Listed firms are typically set in contrast to privately-held family firms and in this comparison, listed firms tend to perform worse. Reasons cited for this lower performance are the short-term outlook of the listed firms and managers acting in their own personal interest. The exposed and heavily regulated stock exchange environment does not permit autonomous players much room to manoeuvre. In comparison, privately-held family firms typically comprise a strong and trustworthy anchor shareholder, long-term strategies, free enterprise, and owners who act in the public interest. In this world, personal and long-term business relationships are the ones that count.
In view of this, going public seems to mark the beginning of the end for family firms. Family firms are simply not compatible with the stock exchange environment as it requires an entirely different type of governance. Based on the assumption that there is a clear division between listed and privately-held family firms the book addresses the question of how the governance practices of listed family firms differ from the ones in non-listed family firms.
The key aspects of the analysis were the ownership structure, the Board of Directors, the strategy, and the information policy of ten privately-held family firms and ten listed ones. Although listed firms are subject to stricter formal requirements, in particular with regard to transparency and the composition of the Board of Directors, going public proved to be less of a distinguishing characteristic with regard to the governance of family firms than one might initially presume. The findings did not lead to confirmation that going public is indeed the key differentiation criterion for the governance of listed and privately-held family firms.

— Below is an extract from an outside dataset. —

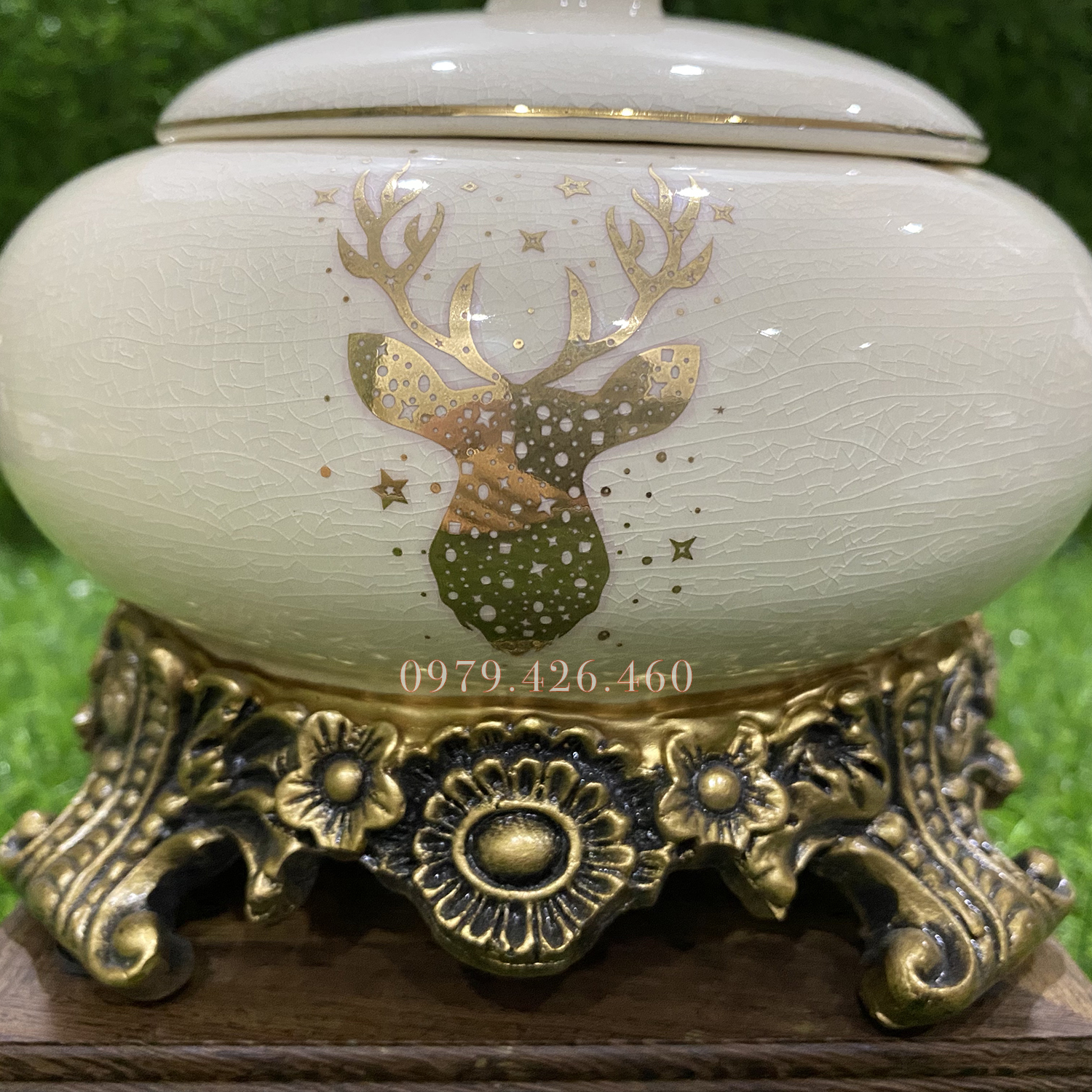 Gạt tàn gốm mạ vàng 18k cao cấp không thể thiếu trong không gian nhà bạn Kích thước: 15 x 15 x 15cm Mạ vàng 18k rất sang trọng và đẹp mắt Thiết kế nắp

However, some interesting facts were discovered. Most importantly, going public does not mark the end of a family firm. In fact, quite the opposite: Numerous listed family firms have been successful players on the stock exchange for a long time. Various stock indices and academic studies have proven that listed family firms often tend to outperform other listed companies. This is regularly attributed to the positive characteristics traditionally linked with privately-held family firms. On the other hand, privately held firms are not less professional than their listed colleagues. Some privately-held family firms are in the position to go public at any time, in other words, they are not inferior to listed firms in terms of transparency and professionalism.
Introducing four types of family firms
Analysing the governance practices, the book reveals a range of similarities between the family firms investigated – regardless of whether they are listed or not. Four different types of family firms emerged:
Puma family firms are typically young family firms or firms managed by founding personalities. The families of Puma firms are accordingly small and agile, consisting of a manageable family shareholder base. Only a few family members are active in the firm, but they play a very strong governing role and are committed to the company. They display daring and entrepreneurial characteristics with a strong desire for both independence and creativity. Pumas are strong and independent family firms that are still completely managed by their owner family.

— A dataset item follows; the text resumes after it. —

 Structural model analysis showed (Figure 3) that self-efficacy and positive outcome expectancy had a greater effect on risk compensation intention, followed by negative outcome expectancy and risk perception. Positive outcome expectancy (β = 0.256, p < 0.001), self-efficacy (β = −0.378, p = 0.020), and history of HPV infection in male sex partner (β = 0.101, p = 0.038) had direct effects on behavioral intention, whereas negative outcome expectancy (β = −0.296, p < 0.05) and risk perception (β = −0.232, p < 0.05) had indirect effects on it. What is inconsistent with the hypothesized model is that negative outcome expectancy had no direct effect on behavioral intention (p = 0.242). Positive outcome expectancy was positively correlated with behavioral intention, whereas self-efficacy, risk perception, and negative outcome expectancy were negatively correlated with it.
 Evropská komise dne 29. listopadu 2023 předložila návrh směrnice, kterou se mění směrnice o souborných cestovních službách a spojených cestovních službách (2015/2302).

Hippos are particularly strong family firms with a distinctive sense of family. This should perhaps come as no surprise, considering Hippos tend to have a very complex family situation, containing numerous family members and therefore numerous family shareholders who feel a close connection to the family firm. When a family member dies, the shares are inherited by the next generation according to the principle of equality. The proud and family-orientated Hippo exhibits a breadth of experience in all areas of family governance.

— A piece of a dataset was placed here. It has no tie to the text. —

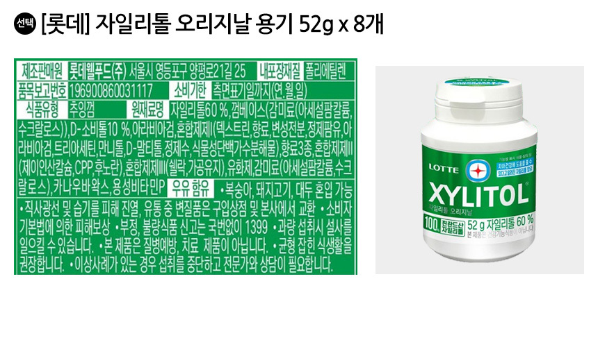 롯데 자일리톨 오리지날 용기 52g x 8개

Fittingly, the Octopus is a family firm with several arms. It is a highly diversified family firm. Octopus family firms grow through their arms. The original family firm, the parent company, remains the favourite arm of the family for a long time. The family then uses the assets generated by the parent company to diversify into other arms, the first step is often a real estate firm. The active and versatile Octopus has a keen entrepreneurial spirit and has diversified its assets.
Mammoths are family firms that have been around for so long that barely anyone acknowledges they are still in family hands. In general, management of Mammoths firms is no more in the hands of the founding family. The Chairman of the Board of Directors and CEO are no longer positions held by family members. However, the family, against the odds, maintains a very strong influence on the firm as it acts as guardian of the firm’s soul.
Family firms can indeed be a success both on and off the stock-market. But to ensure that they survive good governance practice is essential. Although listed firms are subject to stricter formal requirements, going public proves to be less of a distinguishing characteristic with regard to the governance of family firms than one might initially presume. Instead, we might move towards a more nuanced understanding when viewing through the lens of the puma, the hippo, the octopus, and the mammoth.